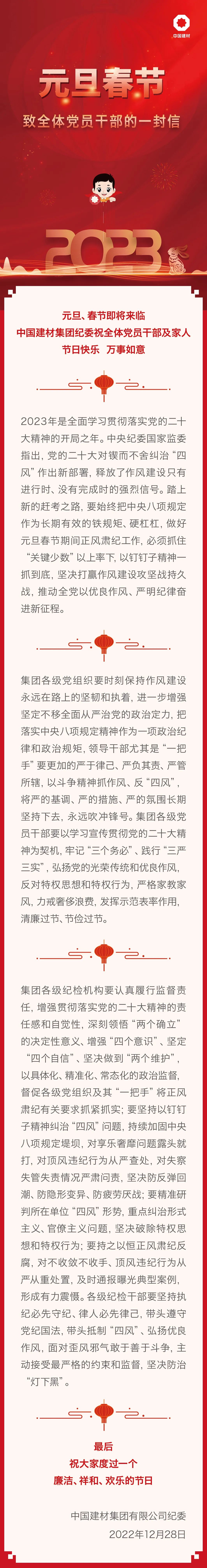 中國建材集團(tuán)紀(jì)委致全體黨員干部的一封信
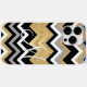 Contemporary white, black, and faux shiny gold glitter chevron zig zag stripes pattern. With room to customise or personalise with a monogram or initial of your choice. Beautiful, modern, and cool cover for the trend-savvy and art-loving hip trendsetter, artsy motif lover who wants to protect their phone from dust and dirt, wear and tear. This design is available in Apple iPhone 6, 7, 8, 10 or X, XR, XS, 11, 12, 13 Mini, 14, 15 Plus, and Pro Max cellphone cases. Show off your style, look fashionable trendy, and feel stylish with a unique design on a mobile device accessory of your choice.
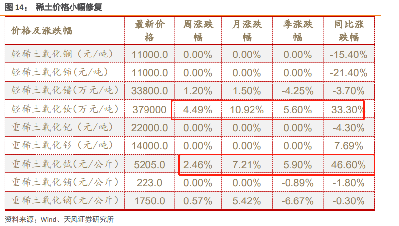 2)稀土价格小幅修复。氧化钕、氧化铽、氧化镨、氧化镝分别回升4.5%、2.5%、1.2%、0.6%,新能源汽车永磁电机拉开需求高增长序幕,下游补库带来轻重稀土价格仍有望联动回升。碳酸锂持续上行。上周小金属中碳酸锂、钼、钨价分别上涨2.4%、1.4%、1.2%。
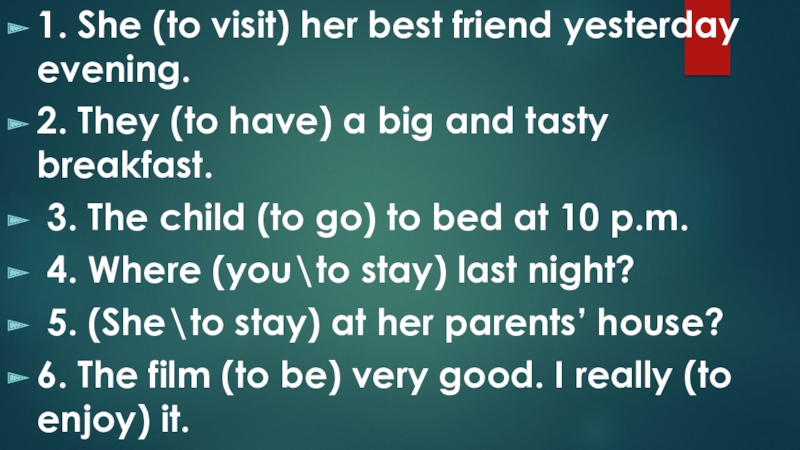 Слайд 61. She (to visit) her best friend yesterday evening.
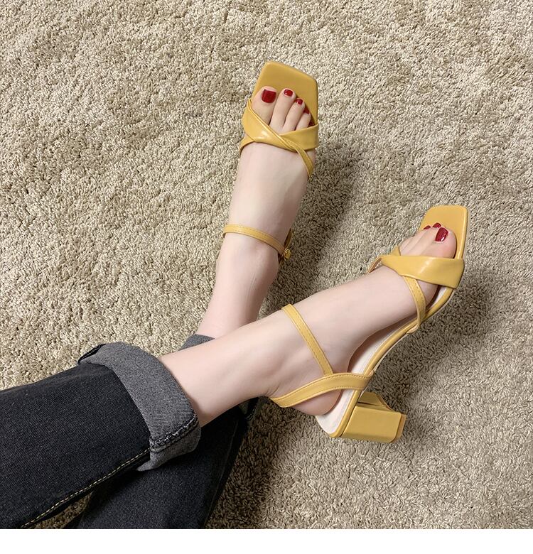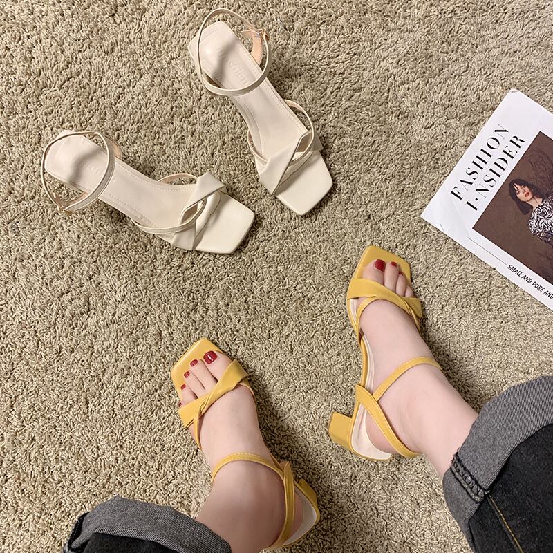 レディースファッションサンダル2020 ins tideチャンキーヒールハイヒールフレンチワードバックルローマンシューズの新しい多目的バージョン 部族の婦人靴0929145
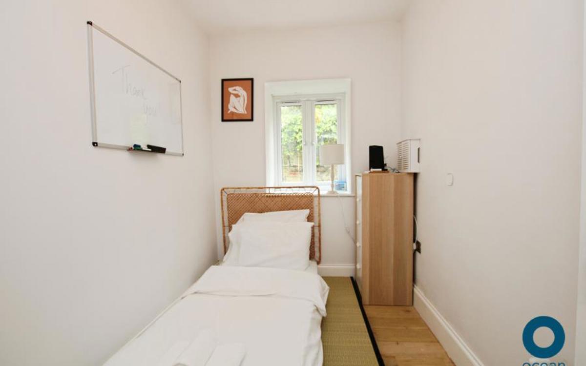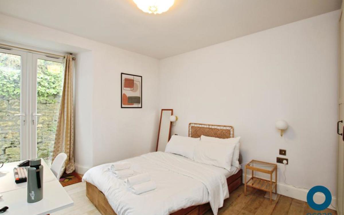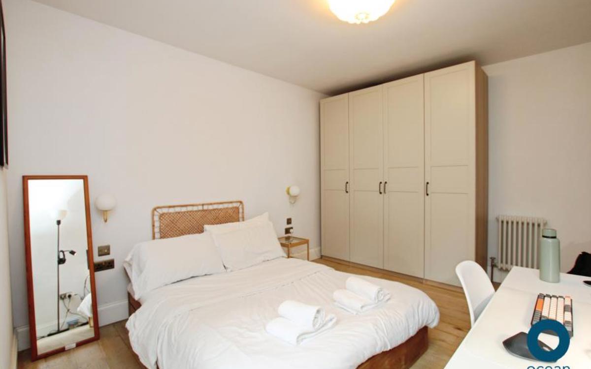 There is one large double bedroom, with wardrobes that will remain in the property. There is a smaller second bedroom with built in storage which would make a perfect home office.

--

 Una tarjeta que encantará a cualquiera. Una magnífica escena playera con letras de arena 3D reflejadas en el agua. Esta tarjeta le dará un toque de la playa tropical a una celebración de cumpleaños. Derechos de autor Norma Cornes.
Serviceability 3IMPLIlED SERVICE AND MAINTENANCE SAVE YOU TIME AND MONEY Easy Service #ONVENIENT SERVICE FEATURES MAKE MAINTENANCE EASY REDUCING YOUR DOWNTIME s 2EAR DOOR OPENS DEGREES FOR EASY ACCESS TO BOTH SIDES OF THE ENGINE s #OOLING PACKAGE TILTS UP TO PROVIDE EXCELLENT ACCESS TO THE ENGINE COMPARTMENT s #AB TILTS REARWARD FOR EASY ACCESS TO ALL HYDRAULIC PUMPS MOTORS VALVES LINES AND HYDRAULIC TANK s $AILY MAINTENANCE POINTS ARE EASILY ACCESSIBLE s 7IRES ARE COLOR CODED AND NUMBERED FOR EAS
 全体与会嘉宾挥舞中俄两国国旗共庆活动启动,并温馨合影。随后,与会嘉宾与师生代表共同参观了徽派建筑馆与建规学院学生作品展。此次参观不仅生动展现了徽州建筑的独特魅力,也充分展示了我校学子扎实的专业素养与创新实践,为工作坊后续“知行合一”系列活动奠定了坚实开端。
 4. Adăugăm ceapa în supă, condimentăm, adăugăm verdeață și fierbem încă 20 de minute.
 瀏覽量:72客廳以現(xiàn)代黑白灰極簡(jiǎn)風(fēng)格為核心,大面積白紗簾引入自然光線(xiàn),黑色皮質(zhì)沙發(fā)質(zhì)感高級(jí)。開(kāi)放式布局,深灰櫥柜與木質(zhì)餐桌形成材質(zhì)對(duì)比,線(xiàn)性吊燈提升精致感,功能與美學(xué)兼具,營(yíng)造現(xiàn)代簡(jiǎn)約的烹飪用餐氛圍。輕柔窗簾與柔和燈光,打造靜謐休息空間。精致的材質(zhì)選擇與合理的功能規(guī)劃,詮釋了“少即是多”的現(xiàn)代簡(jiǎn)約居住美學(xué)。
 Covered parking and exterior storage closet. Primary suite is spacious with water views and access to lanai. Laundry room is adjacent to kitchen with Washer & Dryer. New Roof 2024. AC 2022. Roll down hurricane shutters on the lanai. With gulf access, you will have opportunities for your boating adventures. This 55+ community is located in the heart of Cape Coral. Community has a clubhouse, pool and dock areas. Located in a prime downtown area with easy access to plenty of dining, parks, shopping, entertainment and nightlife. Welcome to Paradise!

---

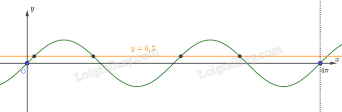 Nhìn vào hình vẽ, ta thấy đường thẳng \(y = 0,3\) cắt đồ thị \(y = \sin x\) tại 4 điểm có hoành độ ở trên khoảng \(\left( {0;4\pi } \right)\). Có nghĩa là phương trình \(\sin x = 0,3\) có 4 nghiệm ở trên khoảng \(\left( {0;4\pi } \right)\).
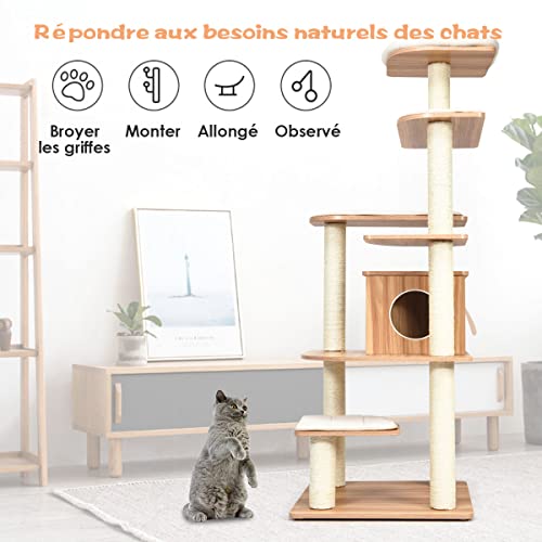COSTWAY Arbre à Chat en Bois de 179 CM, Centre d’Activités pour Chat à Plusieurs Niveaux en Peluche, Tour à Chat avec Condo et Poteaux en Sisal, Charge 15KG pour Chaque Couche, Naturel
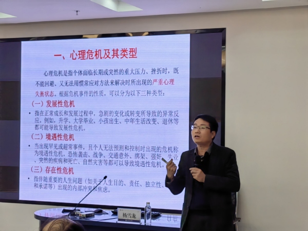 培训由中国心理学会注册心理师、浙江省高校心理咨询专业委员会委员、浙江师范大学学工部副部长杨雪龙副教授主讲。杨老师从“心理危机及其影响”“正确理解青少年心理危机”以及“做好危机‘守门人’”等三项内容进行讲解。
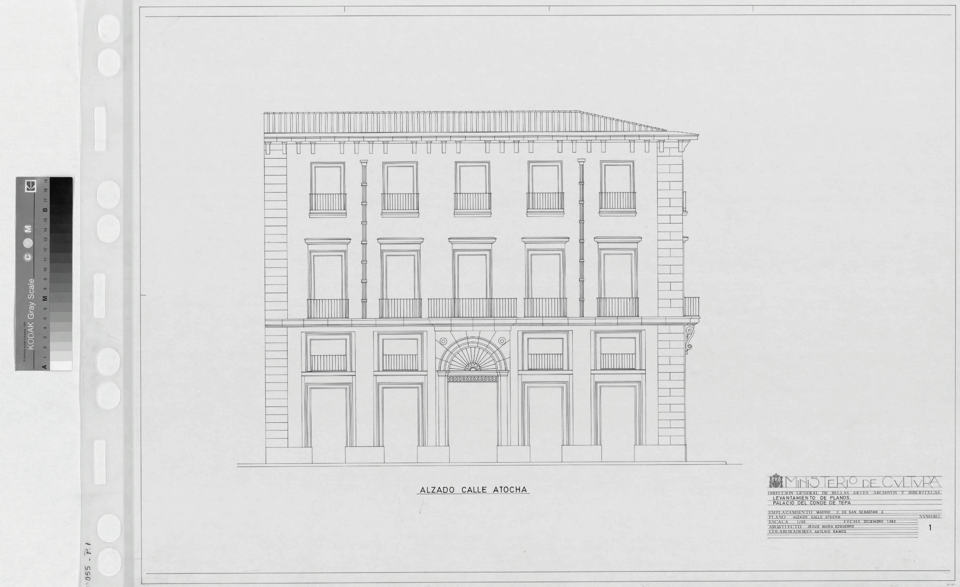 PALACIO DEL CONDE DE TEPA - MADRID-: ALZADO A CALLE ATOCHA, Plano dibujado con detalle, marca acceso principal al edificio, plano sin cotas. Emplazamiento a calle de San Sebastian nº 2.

EXERCISE PROMPT: Look above for the line containing "中國建材集團(tuán)紀(jì)委致全體黨員干部的一封信" and the line containing "There is one", then reproduce both and everything between them exactly, pictures omitted.

RESPONSE TO THIS TASK:
 中國建材集團(tuán)紀(jì)委致全體黨員干部的一封信
 Contemporary white, black, and faux shiny gold glitter chevron zig zag stripes pattern. With room to customise or personalise with a monogram or initial of your choice. Beautiful, modern, and cool cover for the trend-savvy and art-loving hip trendsetter, artsy motif lover who wants to protect their phone from dust and dirt, wear and tear. This design is available in Apple iPhone 6, 7, 8, 10 or X, XR, XS, 11, 12, 13 Mini, 14, 15 Plus, and Pro Max cellphone cases. Show off your style, look fashionable trendy, and feel stylish with a unique design on a mobile device accessory of your choice.
 2)稀土价格小幅修复。氧化钕、氧化铽、氧化镨、氧化镝分别回升4.5%、2.5%、1.2%、0.6%,新能源汽车永磁电机拉开需求高增长序幕,下游补库带来轻重稀土价格仍有望联动回升。碳酸锂持续上行。上周小金属中碳酸锂、钼、钨价分别上涨2.4%、1.4%、1.2%。
 Слайд 61. She (to visit) her best friend yesterday evening.
 レディースファッションサンダル2020 ins tideチャンキーヒールハイヒールフレンチワードバックルローマンシューズの新しい多目的バージョン 部族の婦人靴0929145
 There is one large double bedroom, with wardrobes that will remain in the property. There is a smaller second bedroom with built in storage which would make a perfect home office.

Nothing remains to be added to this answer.